Thursday, April 10, 2008

I get an "F" in parenting...


Melanie enjoying our picnic




Her eyes are turning quite blue- maybe they will be as pretty as Melanie's.


Showing off her 9lbs 4 oz

There have been a couple of times lately that I have messed up but I didn't feel too guilty in the end. Once I forgot to turn Natalie's monitor back up after I fed her in the middle of the night so I slept through her next feeding. Then, there were a couple of times I might have gotten a bit too frustrated with Melanie's tantrums. However, today I feel the most guilty of all.

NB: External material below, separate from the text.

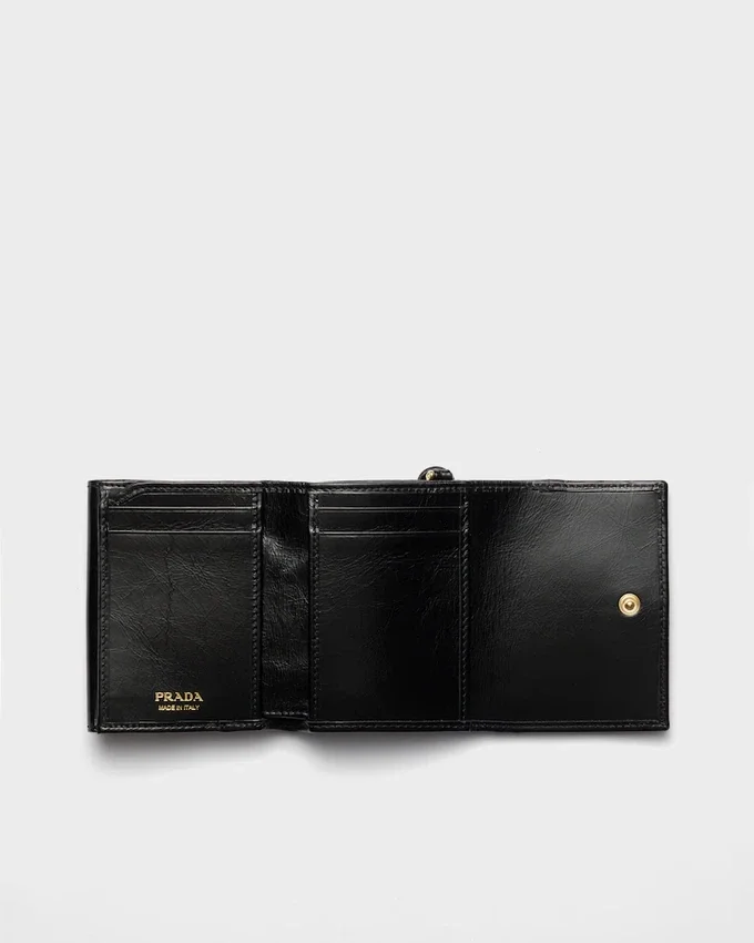 This Small Leather Wallet, Adorned with the Enamelled Metal Triangle Logo, Exudes Modern Sophistication. Its Refined Details and Fine Craftsmanship Make It a Timeless Accessory.

The day started off great. We were meeting our friends Elizabeth and Sarah at the park. I got the girls ready and off we went. We ended up meeting up with another friend, Jennifer, who is due in October. We went walking around the trail (which is about 70% in the shade) and then went to the playground with the girls which also has a shaded area. I have a friend's double stroller I am borrowing. The canopy part of the stroller does not fit in my trunk easily so I have to remember to put it in each time I put in the stroller. Well, today I forgot it. After a fun time at the playground Melanie and I had a picnic lunch outside because it was so beautiful out. Natalie stayed under the garage but Melanie and I ate in the driveway. After our picnic lunch Melanie played in her sandbox b/c Clint put fresh sand in it and I nursed Natalie in the shade. However, this being the first pretty day of the season I forgot to put sunscreen on us all. Normally I am the sunscreen queen constantly reapplying our SPF 50. But, this afternoon after we had been in a for a while I realized I totally dropped the ball. Natalie, thank goodness was in the shade most of the day and had on long sleeves and long pants. So, her little cheeks and nose are quite red but I wouldn't say burned. Melanie, thank goodness, has her father's skin and has red shoulders and arms but that is it. Me, on the other hand, I am completely burned on my shoulders, arms and chest to the point it hurts. In total we were out maybe 2 1/2 hours, some of which was shaded...but when the palest mother and a brand new baby meet the sun it is not pretty. I can deal with my own burn- it is me learning my lesson and Melanie is fine but I feel SUPER GUILTY about Natalie. Hopefully by tomorrow the redness will go away. I hope it is not bothering her- she is not crying or anything and she doesn't have a temperature. But, I will feel so much worse if it does not get better soon.

2 comments:

Unknown said...

Oh Leslie, that's not too bad! I was thinking sleeping thru a feeding sounded worse...:-)
We are learning along the way aren't we? We make mistakes and learn from them-our parents did the same thing and we turned out pretty good didn't we?!
Take it easy on yourself Mama!

Elizabeth said...

I agree---I am always so paranoid that I won't hear Sarah in the middle of the night (but I am also always secretly hoping I won't!). Don't feel too bad about the sunburn--I did put some sunscreen on Sarah but I totally forgot myself and now my arms are burnt--and I had the SPF 50 with me the whole time at the park!